The NTP subnet operates with a hierarchy of levels, where each level is assigned a number called the stratum. Stratum 1 (primary) servers at the lowest level are directly synchronized to national time services via satellite, radio or telephone modem. Stratum 2 (secondary) servers at the next higher level are synchronize to stratum 1 servers and so on. Normally, NTP clients and servers with a relatively small number of clients do not synchronize to public primary servers. There are several hundred public secondary servers operating at higher strata and are the preferred choice.

This page presents an overview of the NTP daemon included in this software distribution. We refer to this daemon as the reference implementation only because it was used to test and validate the NTPv4 specification RFC-5905. It is best read in conjunction with the briefings on the Network Time Synchronization Research Project page.

gif

Figure 1. NTP Daemon Processes and Algorithms

The overall organization of the NTP daemon is shown in Figure 1. It is useful in this context to consider the daemon as both a client of upstream servers and as a server for downstream clients. It includes a pair of peer/poll processes for each reference clock or remote server used as a synchronization source. Packets are exchanged between the client and server using the on-wire protocol described in the white paper Analysis and Simulation of the NTP On-Wire Protocols. The protocol is resistant to lost, replayed or spoofed packets.

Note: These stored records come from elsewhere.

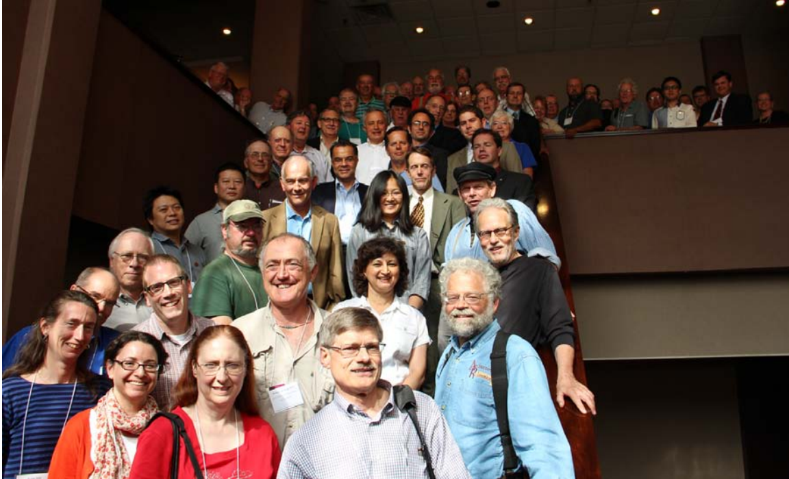
Second National Covered Bridge conference group photo at the Crowne Plaza Dayton.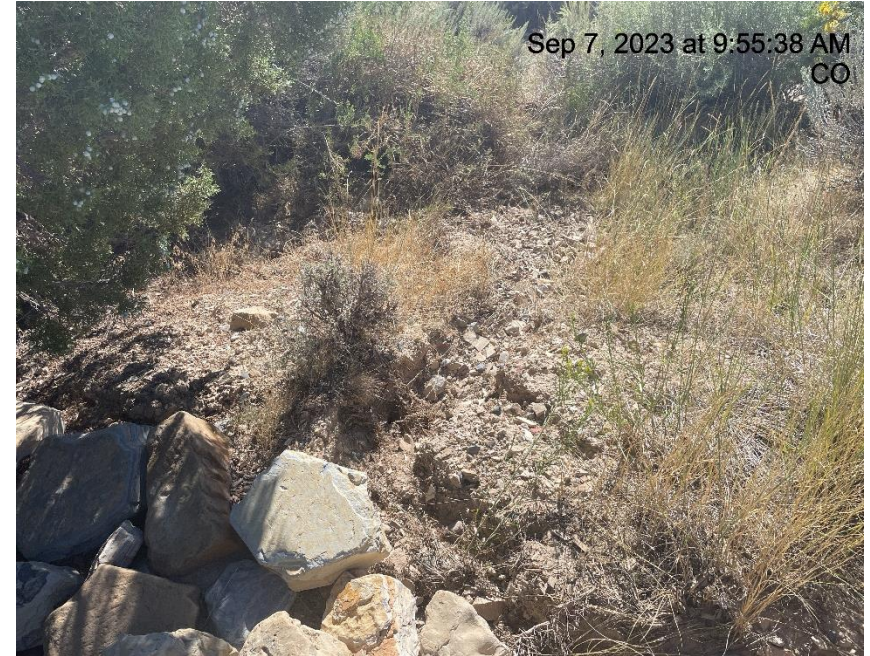
Photo # 8504 Rip Rap needs maintenance/erosion & transport of sediment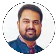
By Mangesh Kulkarni

Defence shares have generated substantial wealth for their investors over the past five years. The Indian government has been taking steps to encourage local defence production and reduce dependence on foreign imports. The Indian defence industry has achieved notable progress in developing advanced technologies and systems, including missile defence systems, fighter aircraft, submarines, and unmanned aerial vehicles. Both state-owned and private defence companies in India play a crucial role in the production of defence equipment and supplies.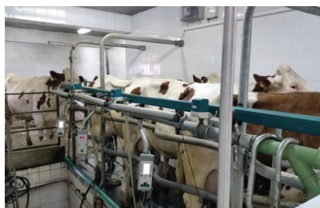
Figure 2. Image from the milking stalls

In 2017 the farm produced 121.19 tons of milk, which was used as follows: 64.5% was sold as fresh milk through dispensers, 9.2% was used for the feeding of calves, 25.4% turned into cheese and 0.8% was distorted because the quality was not good (Table 3).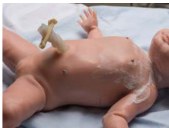
Retractions, "see-saw" breathing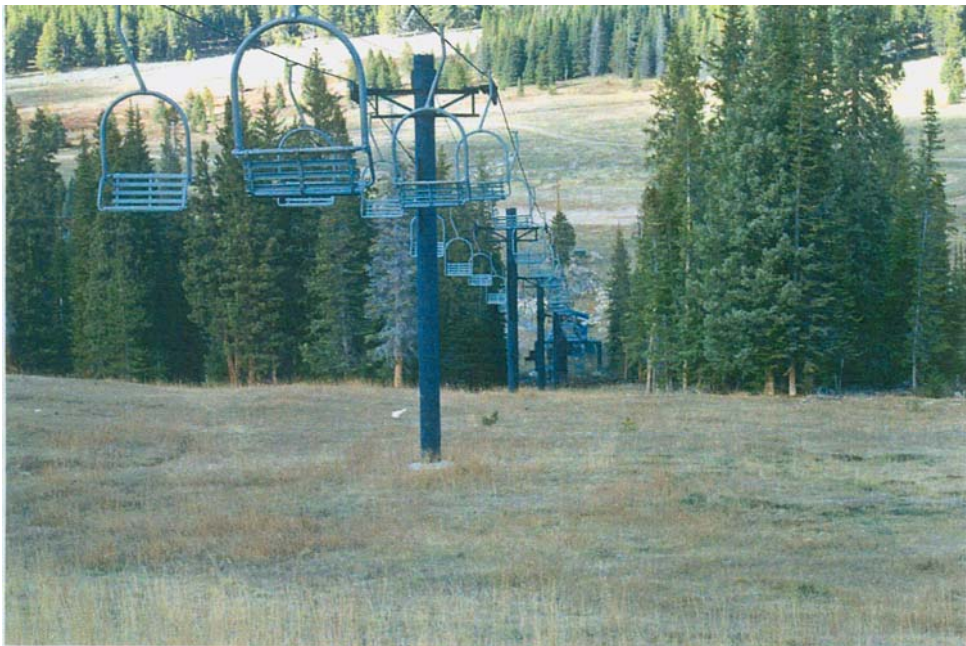
East lift line looking downhill (north) from near the top terminal.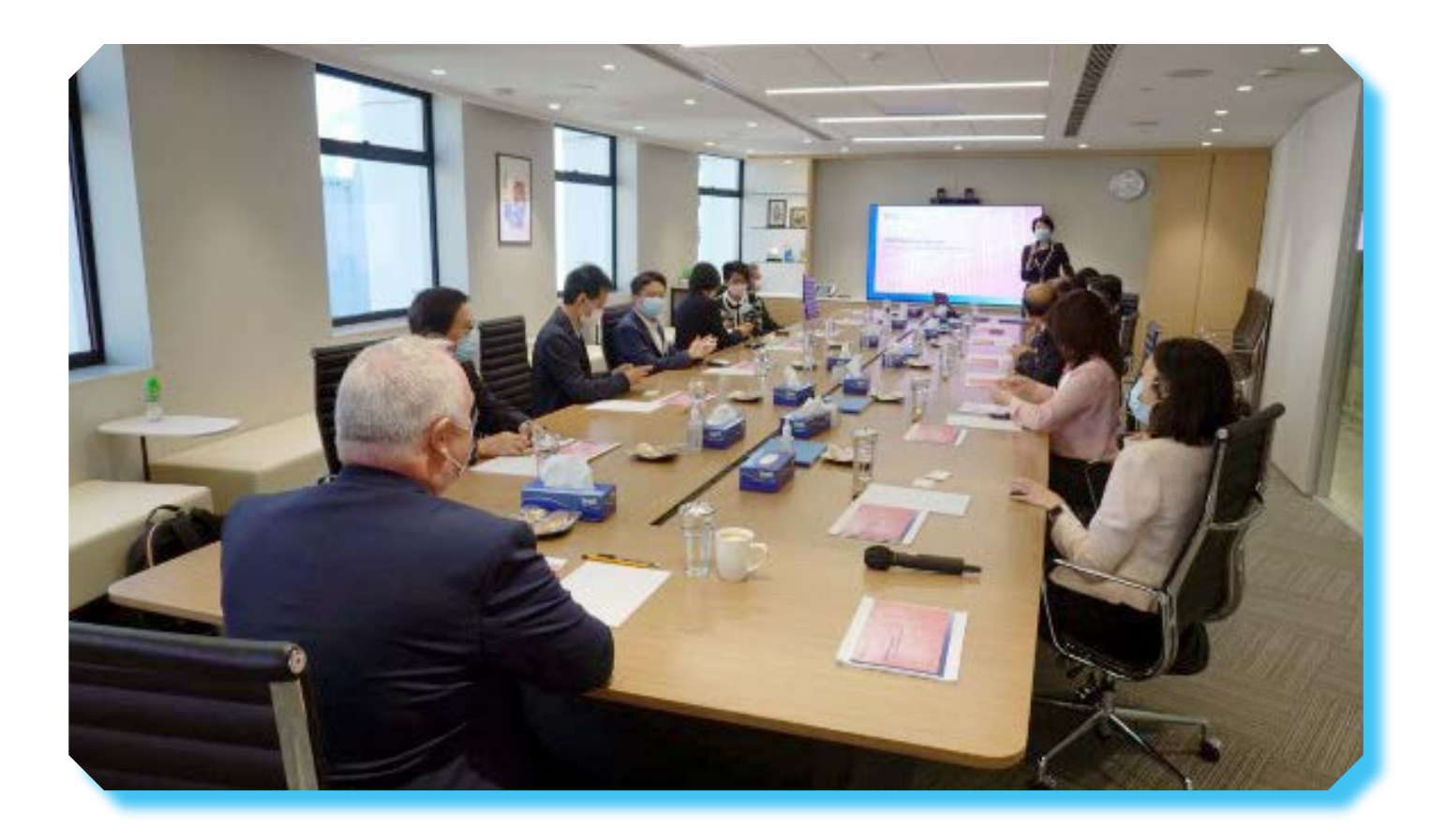
Briefing session for newly appointed members of the Financial Reporting Review Panel.

The poll process sends NTP packets at intervals ranging from 8 s to 36 hr. The peer process receives NTP packets and performs the packet sanity tests of the flash status word. Packets that fail one or more of these tests are summarily discarded. Otherwise, the peer process runs the on-wire protocol that uses four raw timestamps: the origin timestamp T1 upon departure of the client request, the receive timestamp T2 upon arrival at the server, the transmit timestamp T3 upon departure of the server reply, and the destination timestamp T4 upon arrival at the client. These timestamps, which are recorded by the rawstats option of the filegen command, are used to calculate the clock offset and roundtrip delay samples:

offset = [(T2 - T1) + (T3 - T4)] / 2
delay = (T4 - T1) - (T3 - T2).

The algorithm described on the Clock Filter Algorithm page selects the offset and delay samples most likely to produce accurate results. Those servers that have passed the sanity tests are declared selectable. From the selectable population the statistics are used by the algorithm described on the Clock Select Algorithm page to determine a number of truechimers according to correctness principles. From the truechimer population the algorithm described on the Clock Cluster Algorithm page determines a number of survivors on the basis of statistical clustering principles. The algorithms described on the Mitigation Rules and the prefer Keyword page combine the survivor offsets, designate one of them as the system peer and produces the final offset used by the algorithm described on the Clock Discipline Algorithm page to adjust the system clock time and frequency. The clock offset and frequency, are recorded by the loopstats option of the filegen command. For additional details about these algorithms, see the Architecture Briefing on the Network Time Synchronization Research Project page.

Statistics Budget

Each source is characterized by the offset and delay samples measured by the on-wire protocol and the dispersion and jitter calculated by the clock filter algorithm. In a window of eight samples, this algorithm selects the offset sample with the lowest delay, which generally represents the most accurate data. The selected samples become the peer offset and peer delay. The peer dispersion is determined as a weighted average of the dispersion samples in the window. It continues to grow at the same rate as the sample dispersion, 15 ms/s. Finally, the peer jitter is determined as the root-mean-square (RMS) average of the offset samples in the window relative to the selected offset sample. The peer offset, peer delay, peer dispersion and peer jitter are recorded by the peerstats option of the filegen command. Peer variables are displayed by the rv command of the ntpq program.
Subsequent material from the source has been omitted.